* _GIVEN MATERIAL_:

○ ○ ○ ○

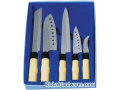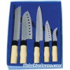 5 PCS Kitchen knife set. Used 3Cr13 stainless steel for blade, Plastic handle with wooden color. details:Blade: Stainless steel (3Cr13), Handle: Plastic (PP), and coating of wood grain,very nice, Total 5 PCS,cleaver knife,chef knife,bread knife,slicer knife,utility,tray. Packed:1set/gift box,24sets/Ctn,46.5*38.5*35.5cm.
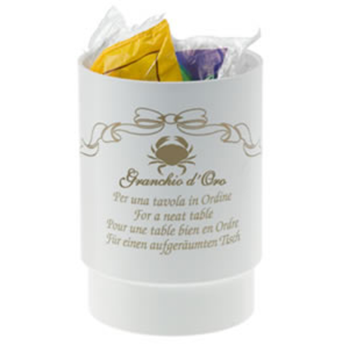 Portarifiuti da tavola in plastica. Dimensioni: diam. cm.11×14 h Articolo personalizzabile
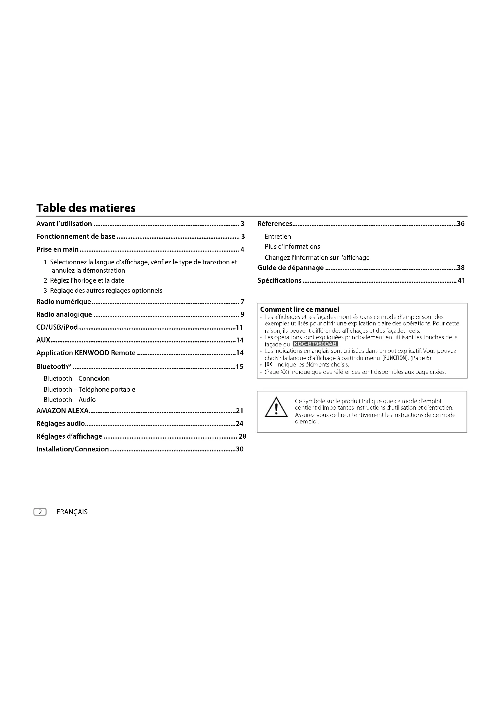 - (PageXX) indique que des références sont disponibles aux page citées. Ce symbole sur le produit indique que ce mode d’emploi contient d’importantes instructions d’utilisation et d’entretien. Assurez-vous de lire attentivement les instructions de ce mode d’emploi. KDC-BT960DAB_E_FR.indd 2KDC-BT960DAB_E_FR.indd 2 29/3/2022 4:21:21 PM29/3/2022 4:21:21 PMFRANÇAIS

○ ○ ○ ○

* _TASK_: Omitting all pictures, give the preceding listing again exactly.

* _WRITTEN SOLUTION_:
 5 PCS Kitchen knife set. Used 3Cr13 stainless steel for blade, Plastic handle with wooden color. details:Blade: Stainless steel (3Cr13), Handle: Plastic (PP), and coating of wood grain,very nice, Total 5 PCS,cleaver knife,chef knife,bread knife,slicer knife,utility,tray. Packed:1set/gift box,24sets/Ctn,46.5*38.5*35.5cm.
 Portarifiuti da tavola in plastica. Dimensioni: diam. cm.11×14 h Articolo personalizzabile
 - (PageXX) indique que des références sont disponibles aux page citées. Ce symbole sur le produit indique que ce mode d’emploi contient d’importantes instructions d’utilisation et d’entretien. Assurez-vous de lire attentivement les instructions de ce mode d’emploi. KDC-BT960DAB_E_FR.indd 2KDC-BT960DAB_E_FR.indd 2 29/3/2022 4:21:21 PM29/3/2022 4:21:21 PMFRANÇAIS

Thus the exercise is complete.